RECORDED INFORMATION

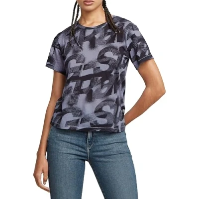G Star Women's sprayed letters Top, Multicolour (osaka blue D26066 C565 H317), M
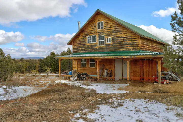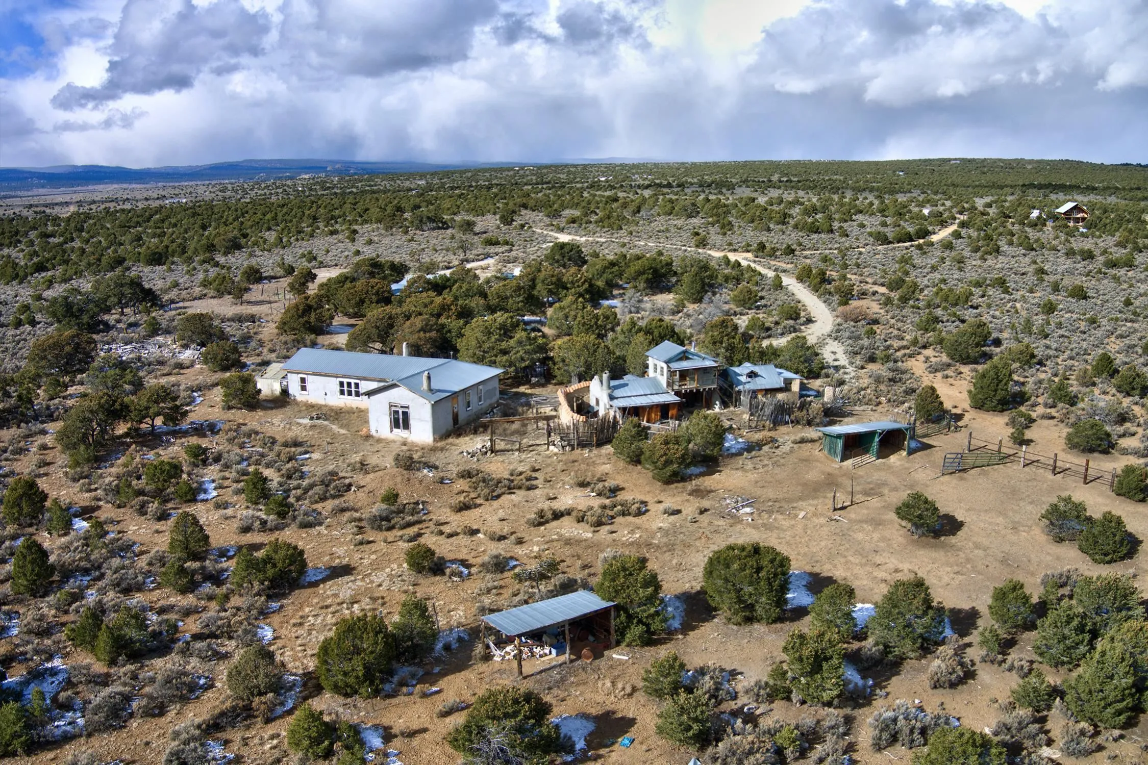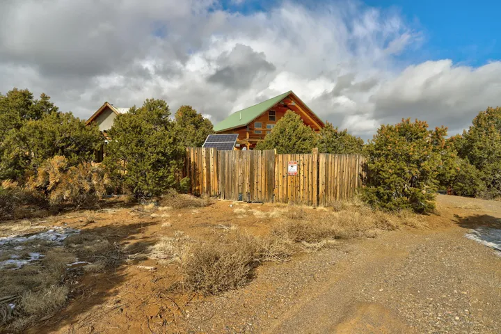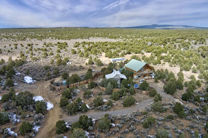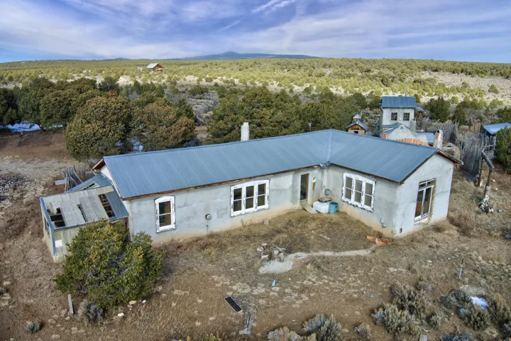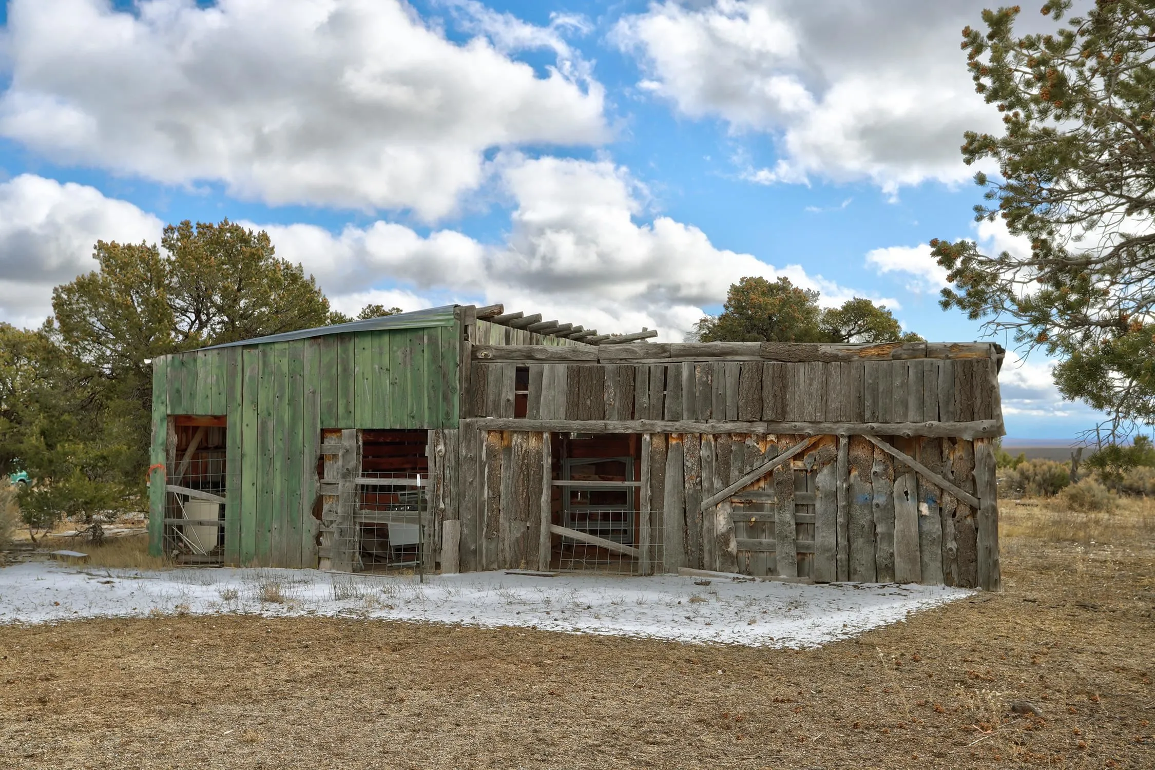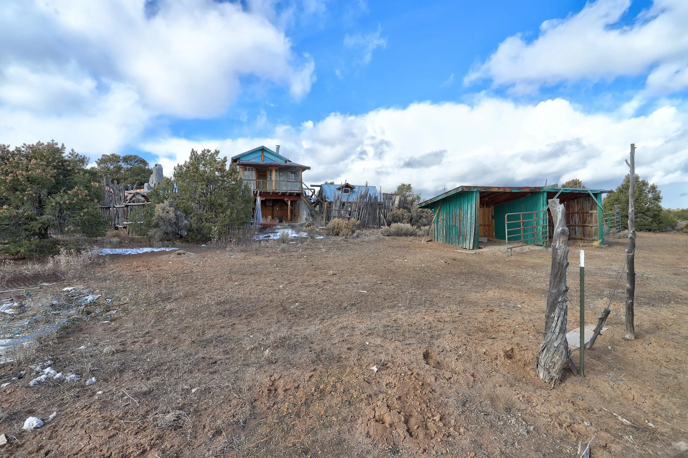 Welcome to Flying F Ranch, a rare 288.59-acre property where Southwestern charm meets sustainable living. With unobstructed views stretching 35 miles, this one-of-a-kind ranch is a rugged sanctuary awaiting your creative vision. Two primary residences provide plenty of space for everyone. Enjoy unmatched views from the second-floor primary suite and spacious covered balcony of the 2-bedroom, 1.5 bath chalet. The classic adobe home features a sunken living room 2 Carmen Velarde fireplaces, a wood stove, and a galley kitchen with custom tile countertops and backsplash and brick flooring. Outbuildings include a 2-room cabin, your own turn of the century adobe chapel, two hay barns, a workshop, garage and more. Plenty of space to roam, raise, or ride. We’ll provide the bones and bling, you bring your imagination. Whether you’re seeking a retreat, a working ranch, or an inspiring canvas for your dreams, Flying F Ranch is an offering unlike any other. A place of wild, panoramic freedom, where sunrises and starlit skies become daily rituals.
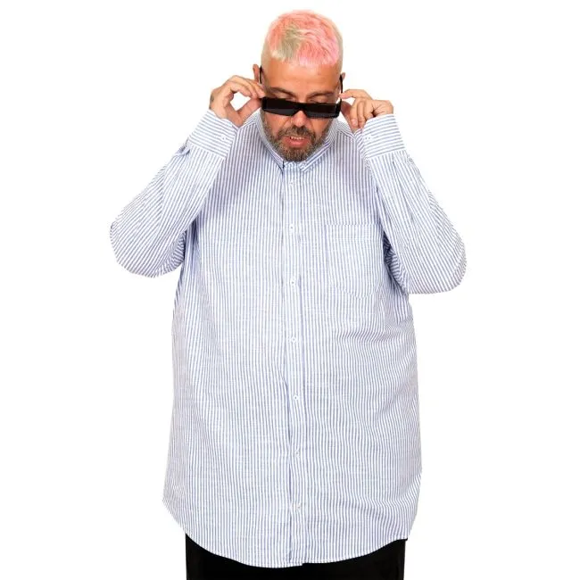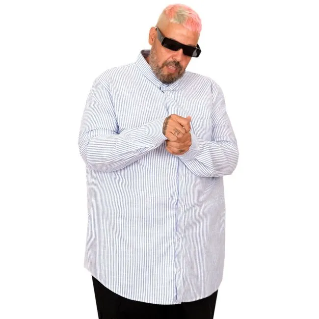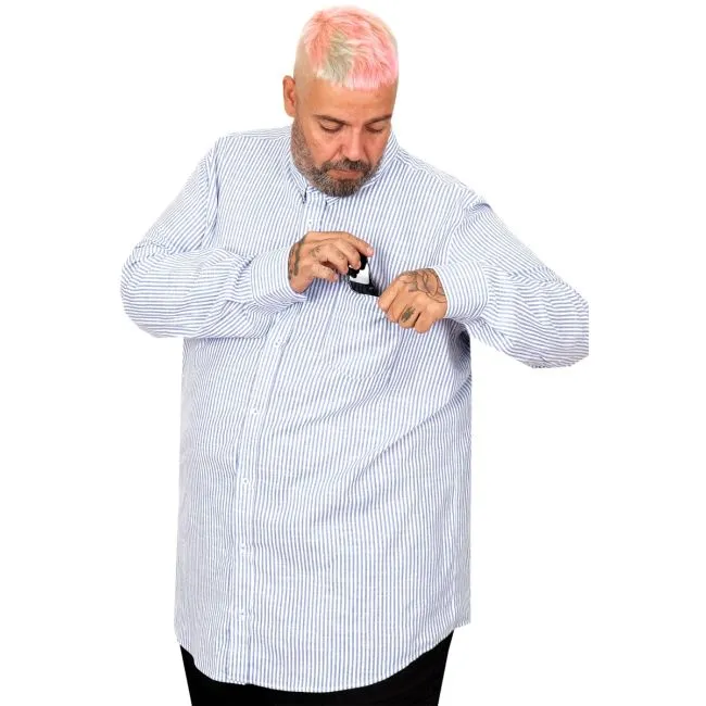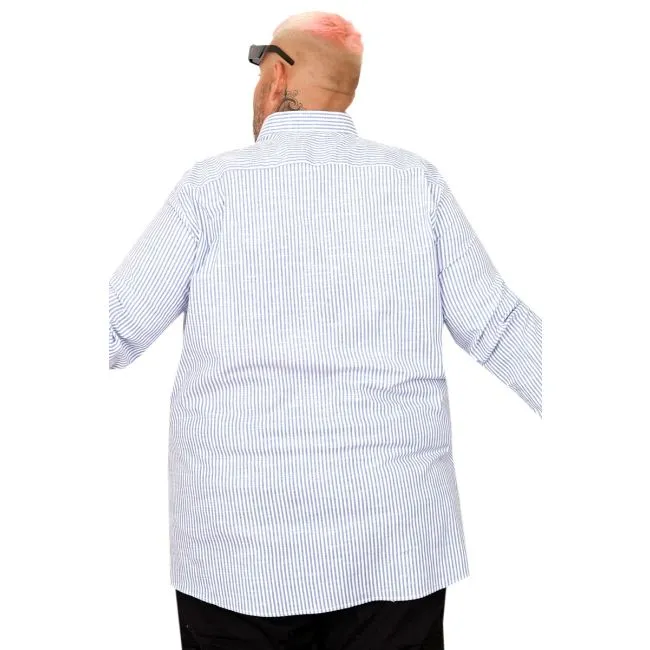 Battal Erkek Keten Çizgili Gömlek 20384 MAVI %95 Pamuk %5 Lycra Manken Ölçüleri: 173cm / 140kg Beden: 5XL

EXERCISE GOAL
Beginning with the line that bears "Welcome to Flying", output each line through the last line of the listing exactly, and no others; skip the pictures.

SOLUTION BELOW
 Welcome to Flying F Ranch, a rare 288.59-acre property where Southwestern charm meets sustainable living. With unobstructed views stretching 35 miles, this one-of-a-kind ranch is a rugged sanctuary awaiting your creative vision. Two primary residences provide plenty of space for everyone. Enjoy unmatched views from the second-floor primary suite and spacious covered balcony of the 2-bedroom, 1.5 bath chalet. The classic adobe home features a sunken living room 2 Carmen Velarde fireplaces, a wood stove, and a galley kitchen with custom tile countertops and backsplash and brick flooring. Outbuildings include a 2-room cabin, your own turn of the century adobe chapel, two hay barns, a workshop, garage and more. Plenty of space to roam, raise, or ride. We’ll provide the bones and bling, you bring your imagination. Whether you’re seeking a retreat, a working ranch, or an inspiring canvas for your dreams, Flying F Ranch is an offering unlike any other. A place of wild, panoramic freedom, where sunrises and starlit skies become daily rituals.
 Battal Erkek Keten Çizgili Gömlek 20384 MAVI %95 Pamuk %5 Lycra Manken Ölçüleri: 173cm / 140kg Beden: 5XL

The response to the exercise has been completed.